Destruir ou danificar instalações que o Irão utiliza para enriquecer urânio não anularia o conhecimento e a experiência que o Irão adquiriu, e alguns especialistas temem que isso possa levar o Irão a desenvolver armas nucleares ainda mais rapidamente.
“O Irã incorporou algumas contingências e instalou muito mais instalações subterrâneas”, disse Vakil, especialista da Chatham House em Londres.
“Os ganhos estão aí, o conhecimento está aí.”
Pesquisas sugerem que israelenses apoiam ações recentes no Líbano
Depois, há as motivações e os cálculos políticos do homem que tomará a decisão final sobre uma resposta: Netanyahu.
Culpado e difamado por grande parte do público israelense durante o ano passado, por primeiro não ter impedido os massacres de 7 de outubro perpetrados pelo Hamas, que mataram cerca de 1.200 pessoas, e por ter deixado muitos dos 250 reféns feitos naquele dia definharem em Gaza, em vez de concordar com um acordo que os traria de volta para casa, as pesquisas sugerem agora que a popularidade de Netanyahu aumentou.

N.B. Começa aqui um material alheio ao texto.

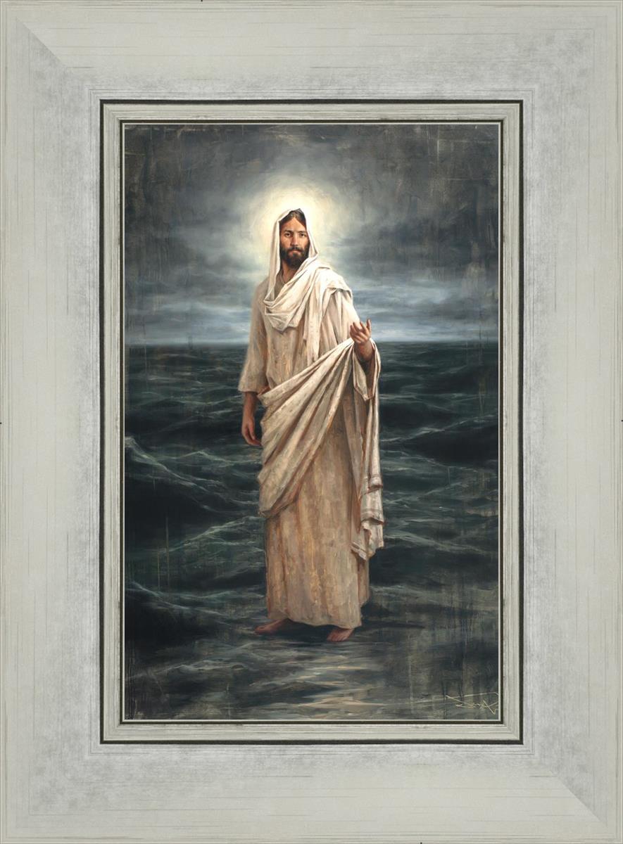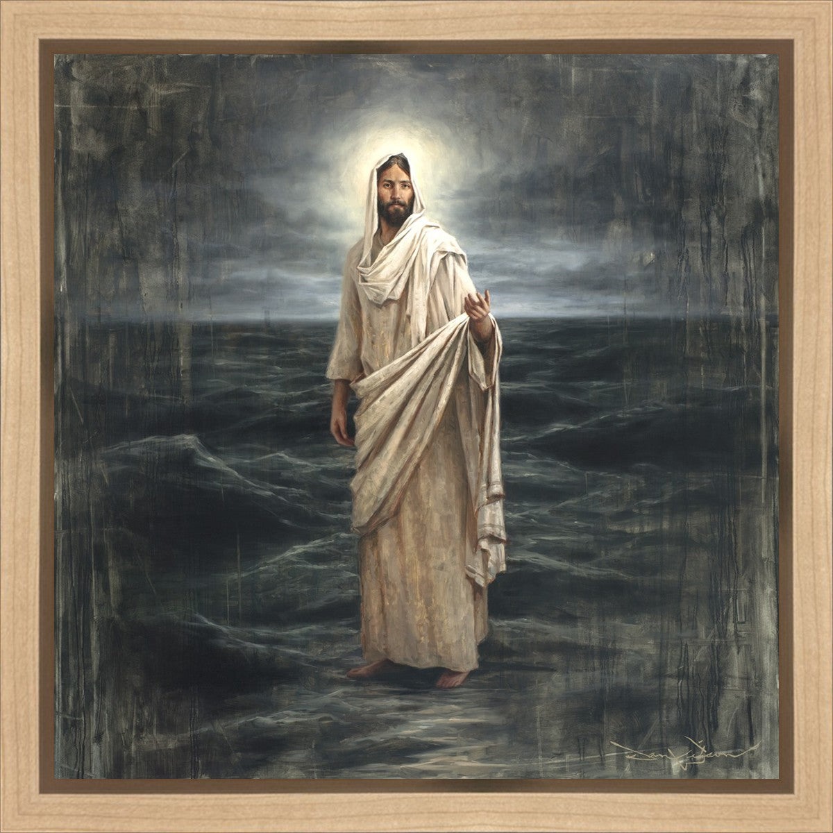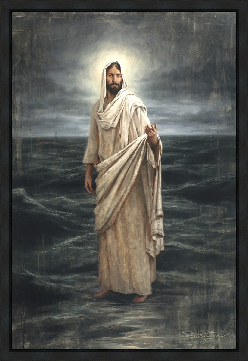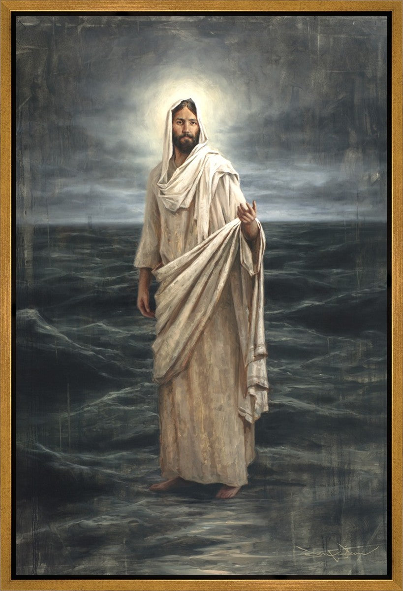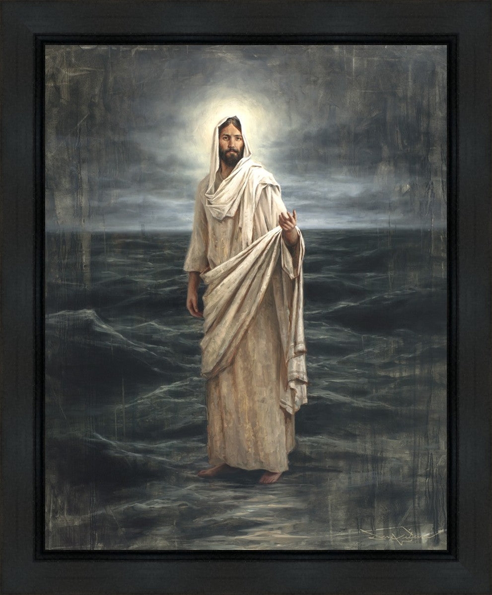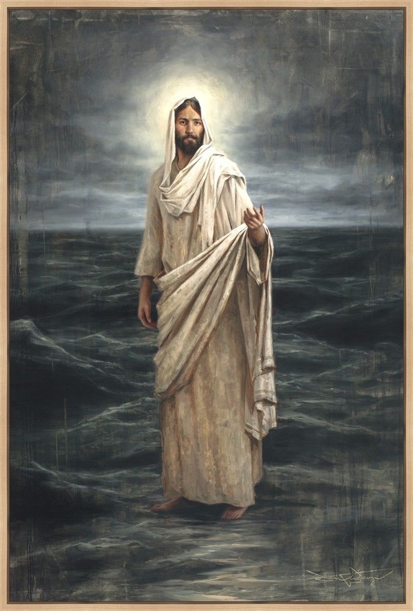 "Come, Be Not Afraid" by Dan Wilson depicts Jesus Christ walking on stormy waters, extending a reassuring hand amid rain, be ye not afraid.
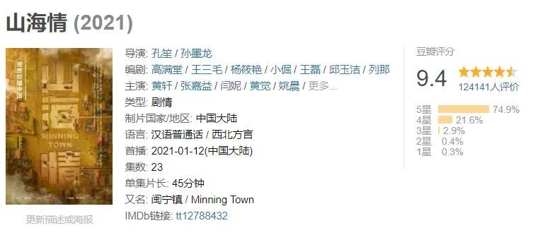 《山海情》由正午阳光制作,豆瓣评分9.4,剧中一众主演面朝黄土背朝沙、积极投入新农村建设,无论是演员还是剧情,《山海情》很好地吊打了主演扮嫩、美颜滤镜开到十级、剧情俗套等诸多低品质剧集。
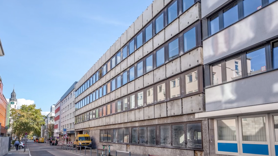 The ageing office building opposite the synagogue in the centre of Stuttgart's old town is in desperate need of renovation. Its appearance is detrimental to the overall appearance of the square.
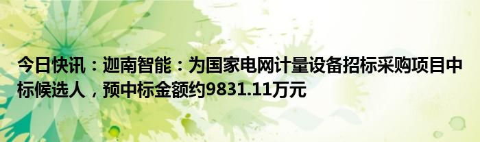 今日快讯:迦南智能:为国家电网计量设备招标采购项目中标候选人,预中标金额约9831.11万元

A sociedade israelita parece totalmente unida por trás da campanha militar de assassinato de membros seniores do Hezbollah no Líbano, incluindo a eliminação do inimigo de longa data, Hassan Nasrallah, há cinco dias, num ataque ao seu quartel-general de comando em Beirute.
Os ataques cumulativos destruíram a milícia apoiada pelo Irão, que foi financiada e equipada pelo Irão ao longo de décadas para ser a sua primeira linha de defesa contra Israel.
Ao longo do ano passado, os críticos de Netanyahu acusaram-no de prolongar a guerra contra o Hamas em Gaza para apaziguar os seus parceiros de coligação de extrema-direita que o mantêm no poder.
Observadores israelitas dizem que o primeiro-ministro tem agora a oportunidade de redefinir o seu legado e desviar a atenção dos seus fracassos de 7 de Outubro – fazendo algo até dramático envolvendo o Irão.
“É evidente que o primeiro-ministro quer sobreviver politicamente”, disse Eyal Zisser, especialista em Médio Oriente da Universidade de Tel Aviv, à CBC News numa entrevista.
“Sua popularidade claramente aumentou dramaticamente após o duro golpe contra o Hezbollah. Então, ele diz a si mesmo: ‘Talvez este seja o caminho certo.'”
Outros analistas alertam que a arrogância pessoal e política de Netanyahu poderá acabar por desfazer alguns dos ganhos tácticos de Israel no Líbano e noutros locais nas últimas semanas.
“Em última análise, Israel, se ainda não o fez, irá exagerar”, disse Daniel Sobelman, professor assistente de relações internacionais na Universidade Hebraica de Jerusalém.
“Israel não pode reestruturar sozinho o Médio Oriente.”